» Problem details: Take the data below and extract the lines from the one with "Чайник электрический Hyundai" to the one with "sicheren Abstand halten!", inclusive, exactly as written.

» Data shown:
-- Opening Marker --

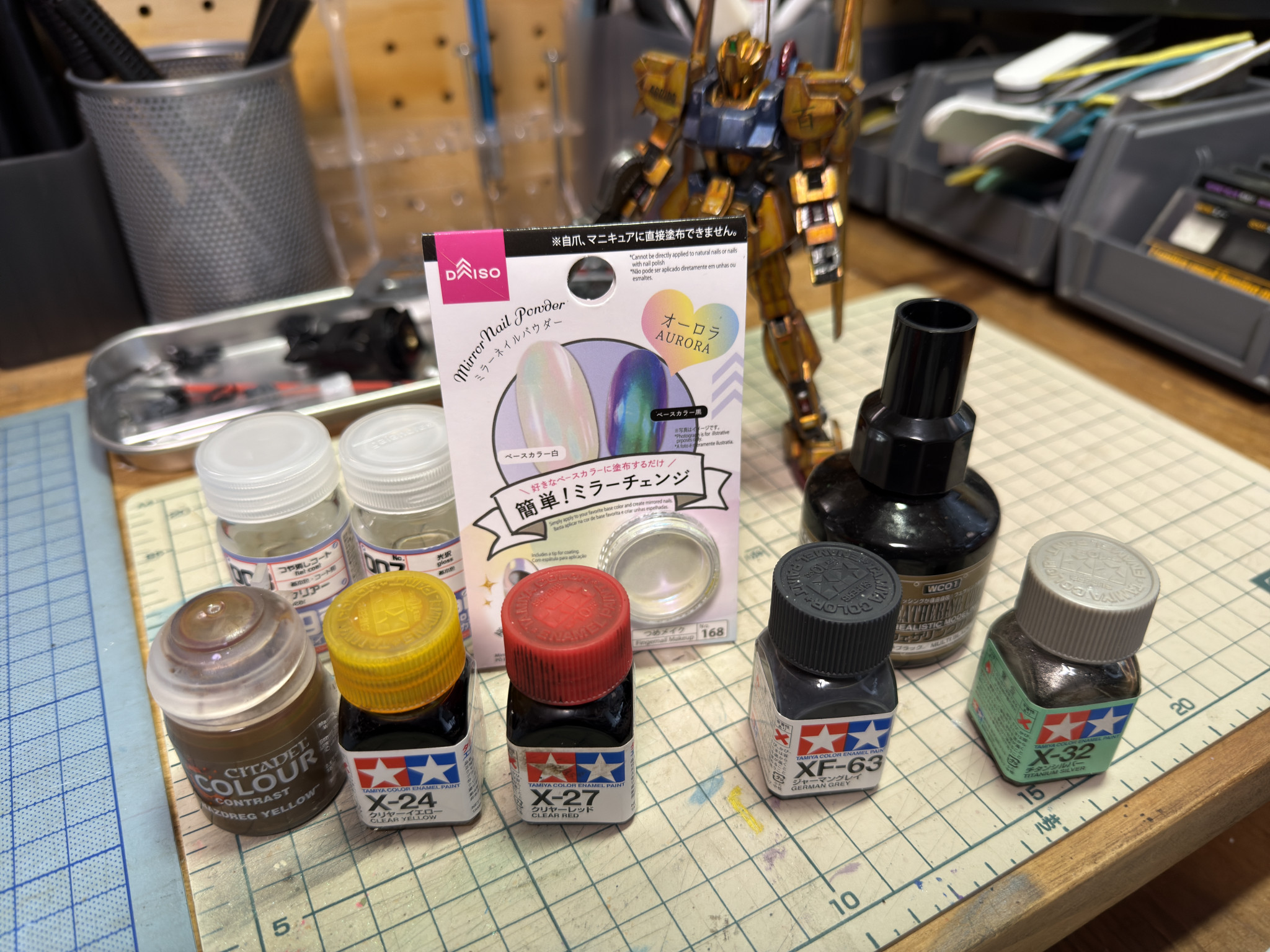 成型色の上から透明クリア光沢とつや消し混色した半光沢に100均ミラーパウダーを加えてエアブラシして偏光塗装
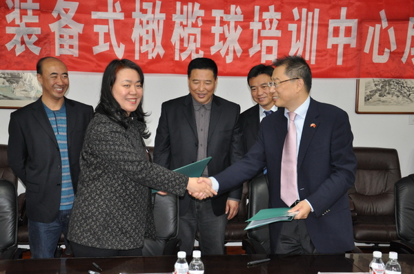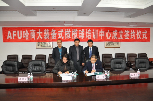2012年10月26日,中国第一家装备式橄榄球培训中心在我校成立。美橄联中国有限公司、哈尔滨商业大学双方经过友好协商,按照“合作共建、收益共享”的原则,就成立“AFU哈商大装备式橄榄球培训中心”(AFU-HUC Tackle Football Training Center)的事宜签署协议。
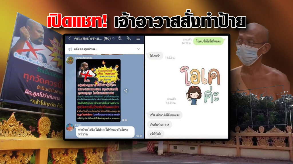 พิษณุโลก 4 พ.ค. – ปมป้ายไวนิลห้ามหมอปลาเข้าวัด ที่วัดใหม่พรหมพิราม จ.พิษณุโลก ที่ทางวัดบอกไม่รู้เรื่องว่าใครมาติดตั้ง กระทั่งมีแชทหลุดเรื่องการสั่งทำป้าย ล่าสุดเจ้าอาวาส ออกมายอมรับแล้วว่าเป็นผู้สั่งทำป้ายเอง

-- Closing Marker --
-- Opening Marker --

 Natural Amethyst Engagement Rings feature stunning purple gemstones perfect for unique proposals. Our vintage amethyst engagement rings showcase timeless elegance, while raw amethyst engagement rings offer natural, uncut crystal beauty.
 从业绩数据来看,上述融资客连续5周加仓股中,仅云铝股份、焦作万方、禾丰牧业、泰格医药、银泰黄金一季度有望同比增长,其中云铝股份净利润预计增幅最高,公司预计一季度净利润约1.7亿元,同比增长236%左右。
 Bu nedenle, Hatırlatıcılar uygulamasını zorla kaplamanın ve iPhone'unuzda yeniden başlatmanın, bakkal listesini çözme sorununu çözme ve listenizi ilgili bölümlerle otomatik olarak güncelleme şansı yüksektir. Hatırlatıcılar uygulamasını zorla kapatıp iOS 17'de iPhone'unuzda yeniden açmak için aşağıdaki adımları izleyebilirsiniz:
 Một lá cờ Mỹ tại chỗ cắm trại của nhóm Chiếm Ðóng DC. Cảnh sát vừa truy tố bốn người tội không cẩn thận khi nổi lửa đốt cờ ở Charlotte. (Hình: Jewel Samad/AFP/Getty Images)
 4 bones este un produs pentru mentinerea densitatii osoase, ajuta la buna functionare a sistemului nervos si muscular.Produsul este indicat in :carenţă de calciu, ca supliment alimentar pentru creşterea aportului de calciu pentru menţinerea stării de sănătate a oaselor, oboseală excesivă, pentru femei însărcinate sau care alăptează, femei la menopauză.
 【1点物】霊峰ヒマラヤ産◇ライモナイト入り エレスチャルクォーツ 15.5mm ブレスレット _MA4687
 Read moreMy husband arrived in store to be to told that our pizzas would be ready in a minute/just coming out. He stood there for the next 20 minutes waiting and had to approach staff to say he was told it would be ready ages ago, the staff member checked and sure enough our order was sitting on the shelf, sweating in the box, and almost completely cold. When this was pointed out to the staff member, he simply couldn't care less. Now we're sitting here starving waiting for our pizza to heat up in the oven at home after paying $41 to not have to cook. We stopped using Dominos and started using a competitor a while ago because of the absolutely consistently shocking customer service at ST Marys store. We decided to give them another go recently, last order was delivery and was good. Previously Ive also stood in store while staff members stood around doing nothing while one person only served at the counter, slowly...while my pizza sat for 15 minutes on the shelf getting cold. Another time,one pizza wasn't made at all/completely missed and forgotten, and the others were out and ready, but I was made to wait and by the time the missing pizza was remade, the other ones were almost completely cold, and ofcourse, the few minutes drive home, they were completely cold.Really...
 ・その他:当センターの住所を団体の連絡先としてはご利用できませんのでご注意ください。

-- Closing Marker --
-- Opening Marker --

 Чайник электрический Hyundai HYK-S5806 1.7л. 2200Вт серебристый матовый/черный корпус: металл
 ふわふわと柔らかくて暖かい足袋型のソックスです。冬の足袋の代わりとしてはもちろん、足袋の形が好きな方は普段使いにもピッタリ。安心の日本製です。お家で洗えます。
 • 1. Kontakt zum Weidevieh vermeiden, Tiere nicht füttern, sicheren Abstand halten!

-- Closing Marker --

» Answer:
 Чайник электрический Hyundai HYK-S5806 1.7л. 2200Вт серебристый матовый/черный корпус: металл
 ふわふわと柔らかくて暖かい足袋型のソックスです。冬の足袋の代わりとしてはもちろん、足袋の形が好きな方は普段使いにもピッタリ。安心の日本製です。お家で洗えます。
 • 1. Kontakt zum Weidevieh vermeiden, Tiere nicht füttern, sicheren Abstand halten!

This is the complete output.